Third, stances are expressed, qualified relations of actors to beliefs. For our purposes, we treat stances as purely relational objects, which cannot exist without a subject expressing them (actors) and an object they refer to (belief statements). Stances need a stance qualifier, most likely a member of a fixed set of possible stance qualifiers $Q$ , such as $Q=\{support, opposition, neutral\}$ . For every stance qualifier in $Q$ , a set of edges is added to the graph. Stances can occur at different aggregations on a temporal scale. What this means is that in capturing discourse in a network representation, on the one side of the spectrum, stances can represent a more general, broader orientation toward a belief of an actor expressed over a period of time, and there might be only a single stance relation related to each belief present in a discourse. Data for such discourse networks might, for example, be captured through qualitative interviews at a single point in time. Or, on the other side of the spectrum, stance relations can capture observed expressions of an actor at a fine-grained temporal resolution, leading to a dynamic network over time with $n_i$ time-stamped stances for every observed expression of a stance per actor $i$ over an observed time frame. Data for such a network might, for example, be captured by means of participatory observation or, as introduced in this article, through document analysis. Reasonably, for every observation window, an actor can only express one stance out of $Q$ , meaning they cannot, for example, support and oppose a statement at the same time. Figure 2 gives a minimal empirical example for the basic structure described.

Figure 2.

Example of a discourse network with two actors (organizations), two qualified stance relations, and one policy belief around urban sustainable transport governance.

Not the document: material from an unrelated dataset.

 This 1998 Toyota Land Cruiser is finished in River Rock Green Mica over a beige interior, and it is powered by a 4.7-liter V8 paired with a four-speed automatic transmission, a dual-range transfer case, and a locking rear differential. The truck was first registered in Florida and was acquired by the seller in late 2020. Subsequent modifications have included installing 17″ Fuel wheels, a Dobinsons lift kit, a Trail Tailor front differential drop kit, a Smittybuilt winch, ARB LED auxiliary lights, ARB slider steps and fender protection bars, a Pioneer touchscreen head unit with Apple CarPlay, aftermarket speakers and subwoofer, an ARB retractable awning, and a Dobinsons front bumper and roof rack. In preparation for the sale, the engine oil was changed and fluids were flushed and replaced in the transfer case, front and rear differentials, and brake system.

2.2 Formal graph structure

Formally, given the discussion of discourse network components, a discourse network $G = (A,B,S)$ is an edge-labeled, undirected, bipartite graph, where

• $A$ is a set of actor nodes $A = \{a_1,a_2,\ldots ,a_i\}$
• $B$ is a set of belief nodes $B = \{b_1,b_2,\ldots ,b_i\}$
• $S$ is a set of stance edges, which are each labeled with a stance classifier out of the set $Q = \{q_1,q_2,\ldots ,q_i\}$

2.3 Automating discourse network data gathering

Traditionally, DNA has often relied on small datasets of high-quality, manual annotations of textual documents, such as newspaper articles (Leifeld, Reference Leifeld2013) or social media posts (Bossner and Nagel, Reference Bossner and Nagel2020). Research on developing more automated discourse network data gathering approaches has been increasingly suggested as a crucial component of the overall research discourse network research agenda in both agenda-setting articles (Leifeld, Reference Leifeld2020) and empirical applications (Kammerer and Ingold, Reference Kammerer and Ingold2023).

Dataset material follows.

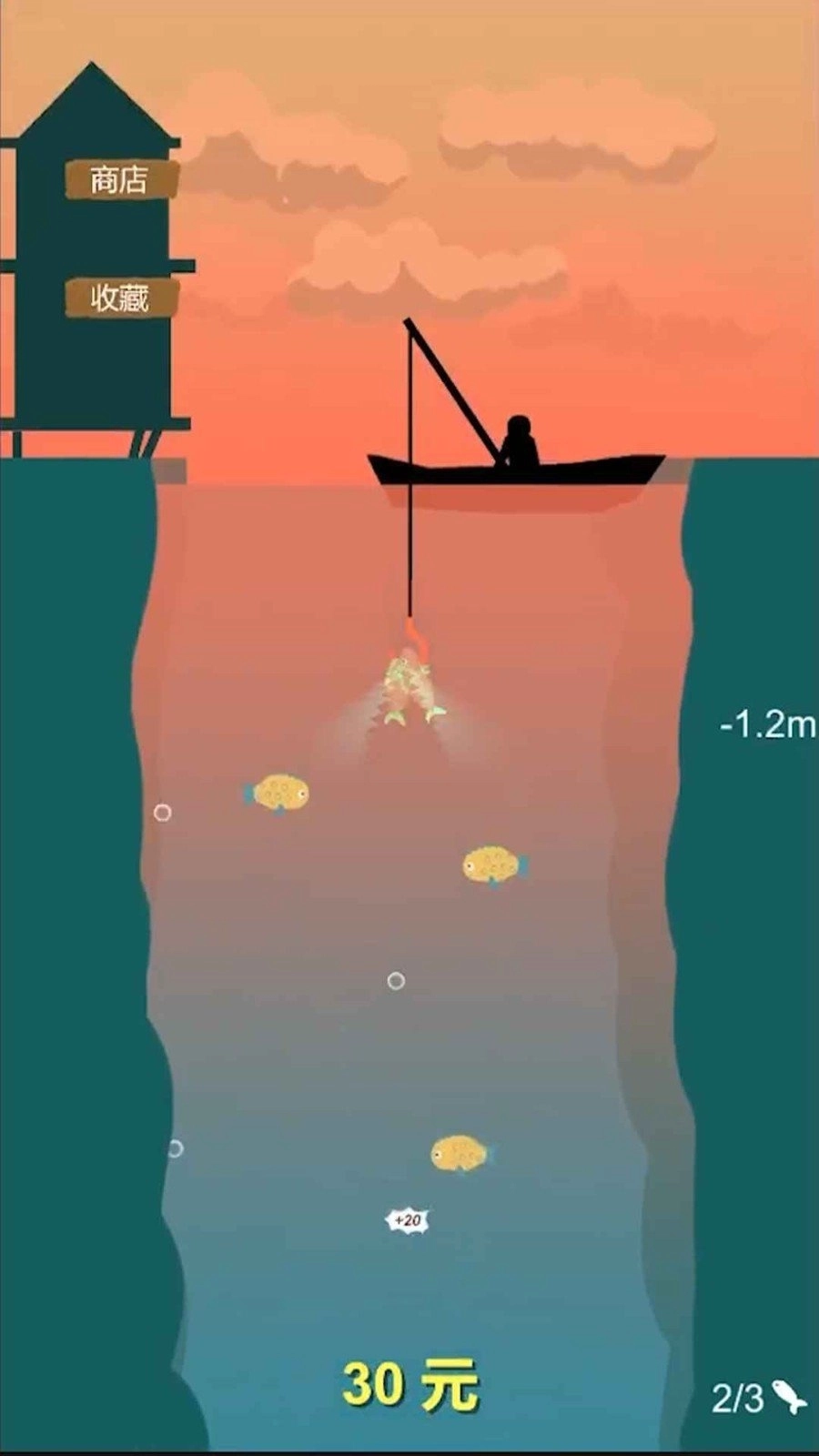 3、只需在屏幕上轻轻点击几下,就能钓起传说中的大鱼,就是如此简单,这般随性的钓鱼体验。

For the data domain of textual documents, the obvious candidate for an automated approach is automated text analysis through NLP. Automated text analysis and machine learning approaches in general have recently become much more available to a much broader set of researchers than before, especially in the social sciences (Grimmer, et al., Reference Grimmer, Roberts and Stewart2021) and recent mainstreaming of advances in NLP technologies such as large language models (LLMs) are likely to continue this trend.

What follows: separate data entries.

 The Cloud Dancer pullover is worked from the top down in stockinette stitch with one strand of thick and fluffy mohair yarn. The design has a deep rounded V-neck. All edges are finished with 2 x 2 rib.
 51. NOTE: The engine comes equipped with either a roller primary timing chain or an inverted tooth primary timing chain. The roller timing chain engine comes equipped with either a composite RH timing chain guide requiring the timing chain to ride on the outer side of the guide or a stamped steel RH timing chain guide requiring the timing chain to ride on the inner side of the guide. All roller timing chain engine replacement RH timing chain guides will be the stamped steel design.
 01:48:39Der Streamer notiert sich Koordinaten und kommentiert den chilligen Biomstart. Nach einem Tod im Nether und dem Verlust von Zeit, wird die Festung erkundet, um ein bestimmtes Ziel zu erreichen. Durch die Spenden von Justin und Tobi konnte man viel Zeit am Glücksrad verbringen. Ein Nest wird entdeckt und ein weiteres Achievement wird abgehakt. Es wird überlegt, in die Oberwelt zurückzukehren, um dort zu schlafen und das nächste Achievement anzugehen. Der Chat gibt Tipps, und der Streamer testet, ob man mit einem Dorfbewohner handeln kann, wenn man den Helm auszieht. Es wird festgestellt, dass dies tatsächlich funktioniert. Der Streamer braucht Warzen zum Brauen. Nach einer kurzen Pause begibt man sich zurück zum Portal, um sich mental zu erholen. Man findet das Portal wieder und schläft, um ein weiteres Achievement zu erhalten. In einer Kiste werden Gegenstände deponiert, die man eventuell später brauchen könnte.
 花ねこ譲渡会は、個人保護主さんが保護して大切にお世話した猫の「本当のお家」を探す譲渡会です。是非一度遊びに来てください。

Automation of discourse network data gathering should always be understood as complementary to qualitative approaches. There are three reasons for this. First, automation by design trades some of the quality and in-depth understanding of discourse that can realistically only be gained from close, qualitative engagement with (especially textual) data (Carlsen and Ralund, Reference Carlsen and Ralund2022) for the possibility of larger temporal and thematic scope. Second, the identification of the main empirical components of discourse in empirical practice, in our conceptualization, thus the set of allowed actors, beliefs, and stance qualifiers, needs qualitative understanding and engagement with the data and problem domain. Third, automated approaches need an evaluation against “ground truth,“ which for the domain of societal discourse can only mean the careful, manual annotation of test sets or validating results in exchange with actors active in discourse, as we will argue in this article.

A hybrid, semi-automated approach to discourse network data gathering, combining machine learning methods and manual annotation is presented in Haunss et al. (Reference Haunss, Kuhn, Padó, Blessing, Blokker, Dayanik and Lapesa2020). The approach presented in their study is semi-automated in the sense that machine learning is mainly explored for its usefulness in supporting manual annotation. In such a supporting application, the use of machine learning resulted in slight increases in annotation speed and quality, although at an overall level, time gains may be offset to some degree by the time needed to train the machine learning model. Further, results indicated that the approach was mostly useful to reconstruct the most engaged core of discourse networks but struggled with more peripheral components of the network.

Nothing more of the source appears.